[Problem to solve]: Each entry should be repeated exactly. Its pictures should not be.

[Provided material]:
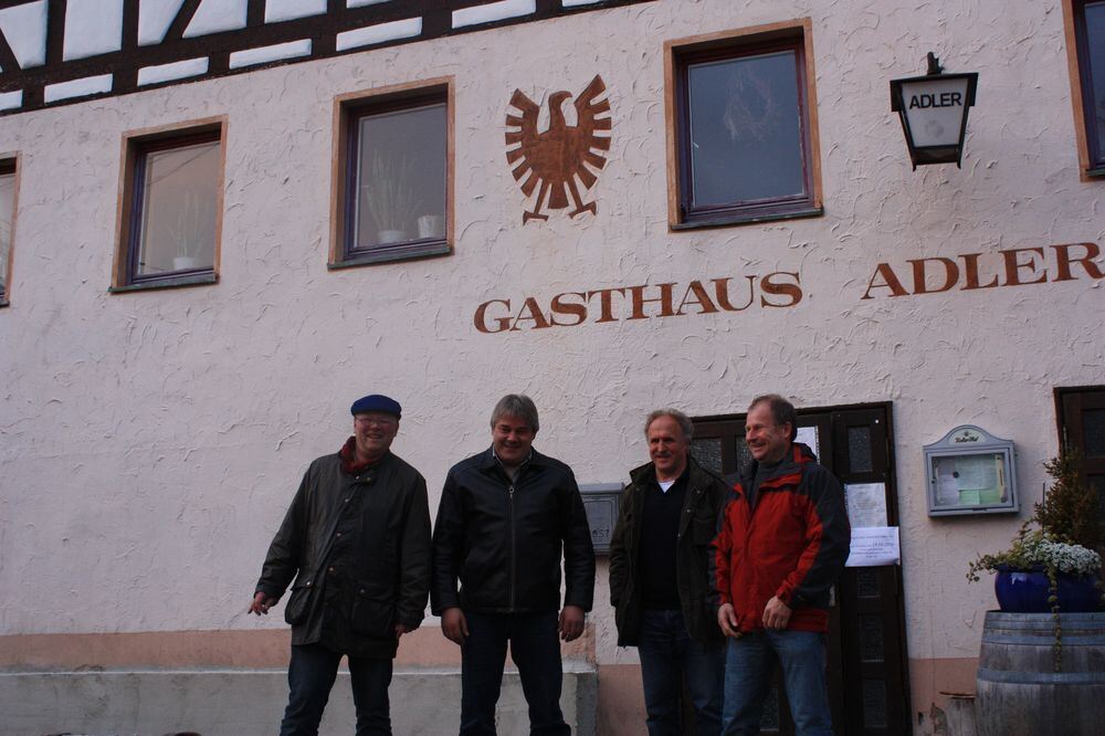 Das Geschäft ist besiegelt: Christian Keller (von links) verkaufte den Meidelstetter Adler an den Förderverein »Zukunft Adler«, vertreten durch Paul Tress, Dieter Schlemonat und Harald Rauscher. FOTO: PR
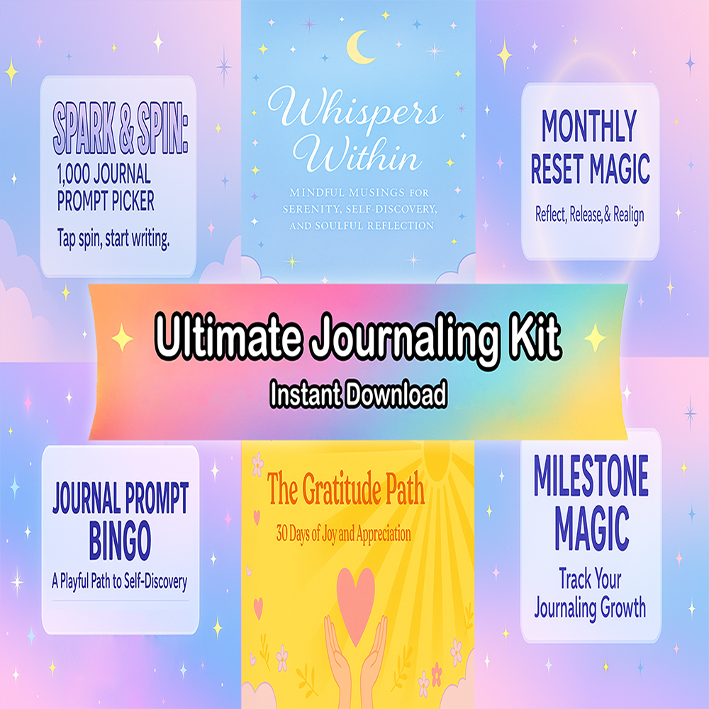 For those who want it all, the Ultimate Journaling Kit (Soulful Journaler’s Toolkit) is a complete ecosystem of reflection resources. It includes every tool mentioned above — gratitude journals, celestial-themed notebooks, monthly resets, milestone trackers, playful prompt games, and more.
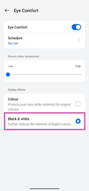 - 目の疲労を減らします:明るいビジュアルへの長期にわたる露出は、目に緊張しています。グレースケールモードをオンにすると、明るく鮮やかな色で目に引き起こされる疲労が減少する可能性があります。
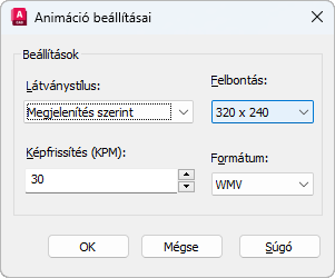 Egy 3D navigálás animációs rögzítésének beállításait adja meg.
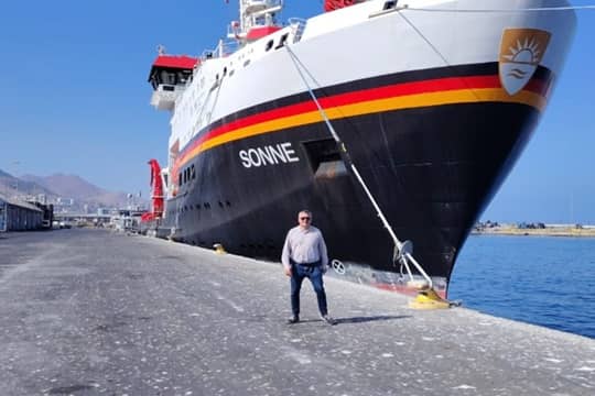 Entre los científicos a bordo del moderno buque de investigación R/V Sonne se encuentra el Dr. Sergio Contreras, académico de la Facultad de Ciencias de la Universidad Católica de la Santísima Concepción (UCSC), quien representa a Chile en esta misión científica de alto nivel. “La expedición busca explorar la interacción entre el continente y el océano en el clima del Desierto de Atacama y el Pacífico sudeste hace miles de años. Sabemos que este desierto no siempre fue hiperárido, y queremos entender cómo los procesos marinos y terrestres modulaban la variabilidad climática en esa zona”, explica el investigador.
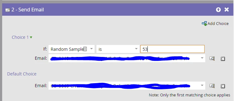 I would like a validation of logic before I send out my upcoming A/B test email. Below I have specific that I want 53% of my leads in this smart campaign to go to the specified email. Is this the correct to way to specify this and ensure that the other 47% of the leads do not go out?
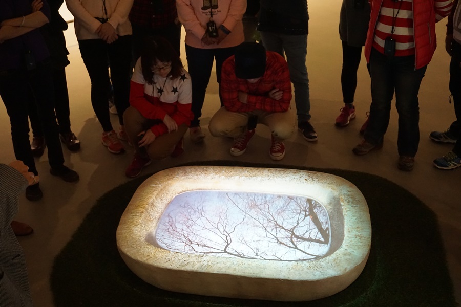 依依不捨結束了安藤忠雄與三角形的對話後,我們又迫不及待地衝往草屯毓繡美術館。迎接我們的庭院一樣是清水模,呼應及延續著本次「雙館齊下」的主題。她是一間私人美術館,而且是不收門票的「稀有生物」,沒有收費還能持續無私的供給民眾藝術知識,真是大心啊!! 毓繡美術館裡的收藏以寫實當代藝術為主軸,敘述著藝術家與身邊人物及物品之間的親密相處。從「人」到「人與物」再到「人與自然共生」為依序,另人印象深刻的實在太多了:人在異鄉的寫實自畫像,比相片還要立體,像是真實的影像呈現在眼前。一顆腐爛柚子樣態的畫作,原來是藝術家從柚子新鮮畫到即將腐敗,紀錄的是當下無形的時間。木刻出來的作品,讓大家在皮件?鐵件?之間傻傻分不清楚!甚至連鏽蝕的大型器具也能用畫作來呈現?木刻出來的堆高機?您能想像嗎??日式木盆中的水草金魚、落在一隅的枯葉、錄像頭射的水影,哪個是真的?哪個是藝術作品?使參展者如夢似幻的從睜眼觀察到讚嘆不可思議!
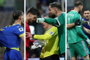主裁不得不介入平息事態,隨著點球大戰結束,波黑晉級世界杯,多納魯馬再次成為焦點,他與對方多名球員再次沖突,博努奇不得不迅速趕來現場將他拉開。
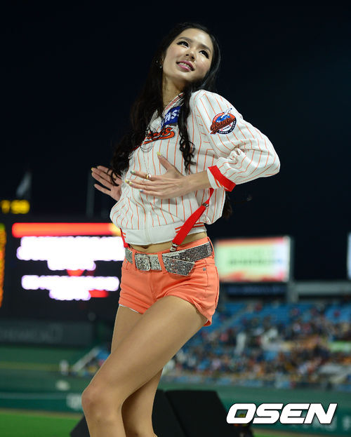 4일 오후 부산 사직구장에서 열린 롯데 자이언츠와 삼성 라이온스의 경기, 롯데 치어리더 박기량이 멋진 공연을 선보이고 있다.
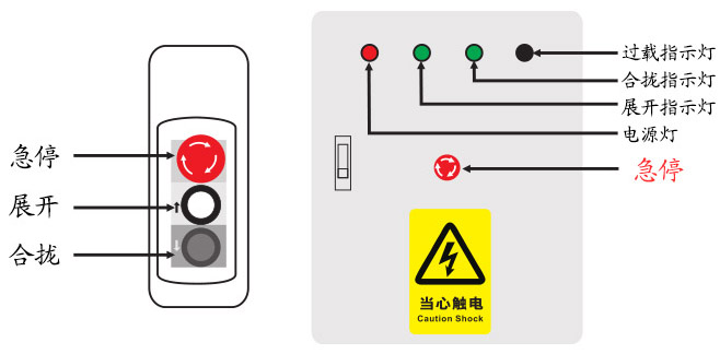 注:手柄開關(guān)使用方法為點(diǎn)動(dòng)。長(zhǎng)按合攏按鈕即可合攏,當(dāng)看臺(tái)徹底合攏時(shí),觸碰到限位開關(guān)會(huì)自動(dòng)停止。
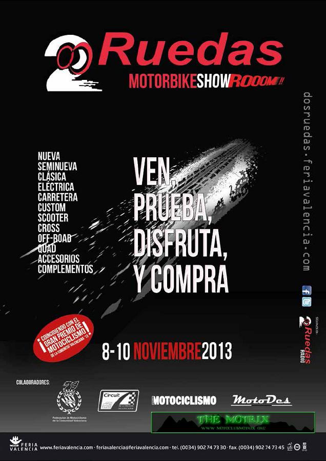 Las motos estarán de nuevo en Feria Valencia del 8 al 10 de noviembre con la reedición del salón 2 Ruedas, un certamen que retoma la filosofía y el nombre de aquel que se estuvo celebrando hasta 1996. En esta ocasión, se da la circunstancia de su coincidencia durante el mismo fin de semana con la celebración del Campeonato del Mundo de Motociclismo en el Circuit de la Comunitat Valenciana Ricardo Tormo. Con tal motivo, se espera que Valencia sea esos días toda una referencia mundial para el mundo de la moto.
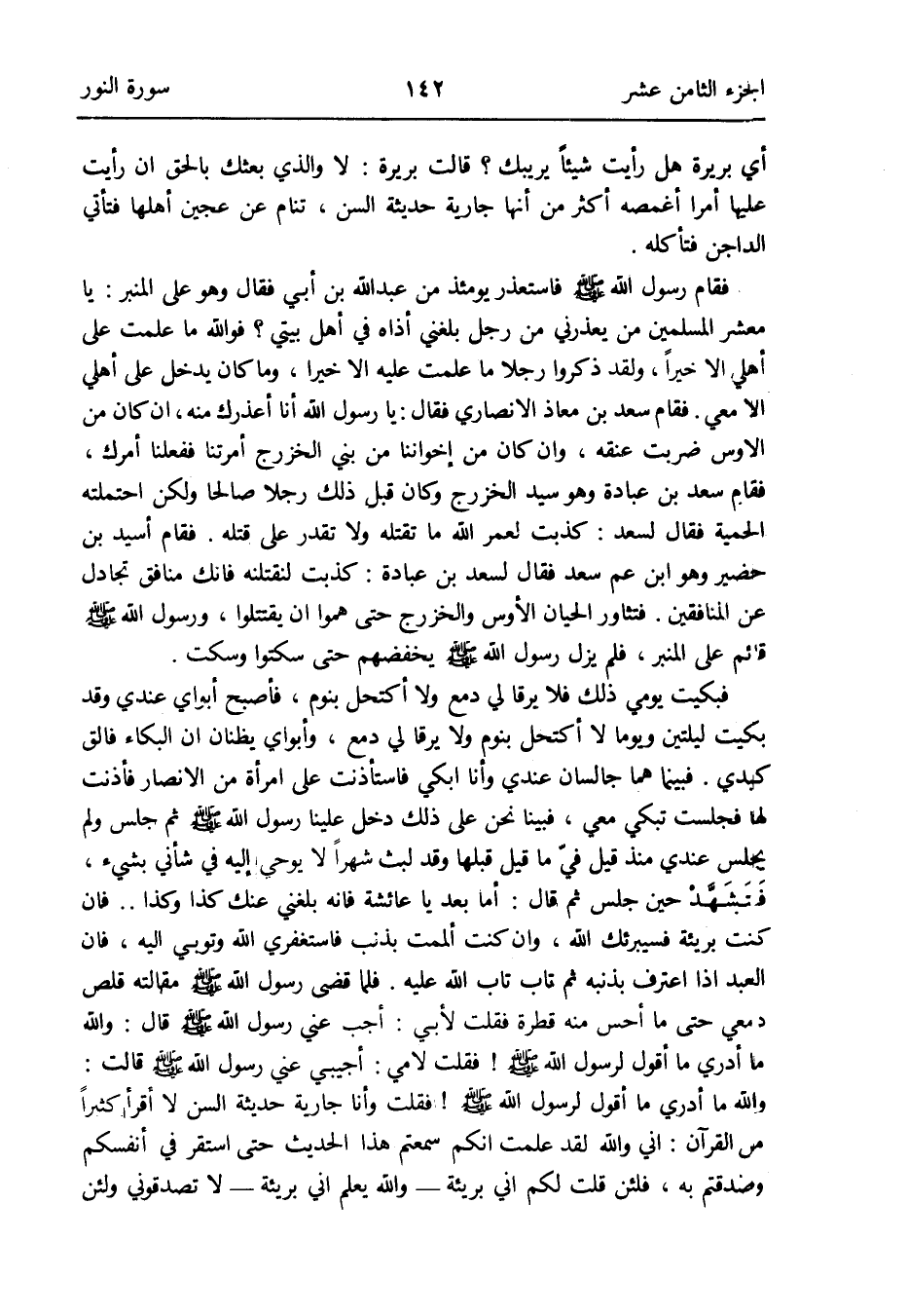 فَقَامَ رَسُول الله صلى الله عَلَيْهِ وَسلم فاستعذر يَوْمئِذٍ من عبد الله بن أبي فَقَالَ وَهُوَ على الْمِنْبَر: يَا معشر الْمُسلمين من يعذرني من رجل بَلغنِي أَذَاهُ فِي أهل بَيْتِي فوَاللَّه مَا علمت على أَهلِي إِلَّا خيرا وَلَقَد ذكرُوا رجلا مَا علمت عَلَيْهِ إِلَّا خيرا وَمَا كَانَ يدْخل على أَهلِي إِلَّا معي

[Reply]:
 Das Geschäft ist besiegelt: Christian Keller (von links) verkaufte den Meidelstetter Adler an den Förderverein »Zukunft Adler«, vertreten durch Paul Tress, Dieter Schlemonat und Harald Rauscher. FOTO: PR
 For those who want it all, the Ultimate Journaling Kit (Soulful Journaler’s Toolkit) is a complete ecosystem of reflection resources. It includes every tool mentioned above — gratitude journals, celestial-themed notebooks, monthly resets, milestone trackers, playful prompt games, and more.
 - 目の疲労を減らします:明るいビジュアルへの長期にわたる露出は、目に緊張しています。グレースケールモードをオンにすると、明るく鮮やかな色で目に引き起こされる疲労が減少する可能性があります。
 Egy 3D navigálás animációs rögzítésének beállításait adja meg.
 Entre los científicos a bordo del moderno buque de investigación R/V Sonne se encuentra el Dr. Sergio Contreras, académico de la Facultad de Ciencias de la Universidad Católica de la Santísima Concepción (UCSC), quien representa a Chile en esta misión científica de alto nivel. “La expedición busca explorar la interacción entre el continente y el océano en el clima del Desierto de Atacama y el Pacífico sudeste hace miles de años. Sabemos que este desierto no siempre fue hiperárido, y queremos entender cómo los procesos marinos y terrestres modulaban la variabilidad climática en esa zona”, explica el investigador.
 I would like a validation of logic before I send out my upcoming A/B test email. Below I have specific that I want 53% of my leads in this smart campaign to go to the specified email. Is this the correct to way to specify this and ensure that the other 47% of the leads do not go out?
 依依不捨結束了安藤忠雄與三角形的對話後,我們又迫不及待地衝往草屯毓繡美術館。迎接我們的庭院一樣是清水模,呼應及延續著本次「雙館齊下」的主題。她是一間私人美術館,而且是不收門票的「稀有生物」,沒有收費還能持續無私的供給民眾藝術知識,真是大心啊!! 毓繡美術館裡的收藏以寫實當代藝術為主軸,敘述著藝術家與身邊人物及物品之間的親密相處。從「人」到「人與物」再到「人與自然共生」為依序,另人印象深刻的實在太多了:人在異鄉的寫實自畫像,比相片還要立體,像是真實的影像呈現在眼前。一顆腐爛柚子樣態的畫作,原來是藝術家從柚子新鮮畫到即將腐敗,紀錄的是當下無形的時間。木刻出來的作品,讓大家在皮件?鐵件?之間傻傻分不清楚!甚至連鏽蝕的大型器具也能用畫作來呈現?木刻出來的堆高機?您能想像嗎??日式木盆中的水草金魚、落在一隅的枯葉、錄像頭射的水影,哪個是真的?哪個是藝術作品?使參展者如夢似幻的從睜眼觀察到讚嘆不可思議!
主裁不得不介入平息事態,隨著點球大戰結束,波黑晉級世界杯,多納魯馬再次成為焦點,他與對方多名球員再次沖突,博努奇不得不迅速趕來現場將他拉開。
 4일 오후 부산 사직구장에서 열린 롯데 자이언츠와 삼성 라이온스의 경기, 롯데 치어리더 박기량이 멋진 공연을 선보이고 있다.
 注:手柄開關(guān)使用方法為點(diǎn)動(dòng)。長(zhǎng)按合攏按鈕即可合攏,當(dāng)看臺(tái)徹底合攏時(shí),觸碰到限位開關(guān)會(huì)自動(dòng)停止。
 Las motos estarán de nuevo en Feria Valencia del 8 al 10 de noviembre con la reedición del salón 2 Ruedas, un certamen que retoma la filosofía y el nombre de aquel que se estuvo celebrando hasta 1996. En esta ocasión, se da la circunstancia de su coincidencia durante el mismo fin de semana con la celebración del Campeonato del Mundo de Motociclismo en el Circuit de la Comunitat Valenciana Ricardo Tormo. Con tal motivo, se espera que Valencia sea esos días toda una referencia mundial para el mundo de la moto.
 فَقَامَ رَسُول الله صلى الله عَلَيْهِ وَسلم فاستعذر يَوْمئِذٍ من عبد الله بن أبي فَقَالَ وَهُوَ على الْمِنْبَر: يَا معشر الْمُسلمين من يعذرني من رجل بَلغنِي أَذَاهُ فِي أهل بَيْتِي فوَاللَّه مَا علمت على أَهلِي إِلَّا خيرا وَلَقَد ذكرُوا رجلا مَا علمت عَلَيْهِ إِلَّا خيرا وَمَا كَانَ يدْخل على أَهلِي إِلَّا معي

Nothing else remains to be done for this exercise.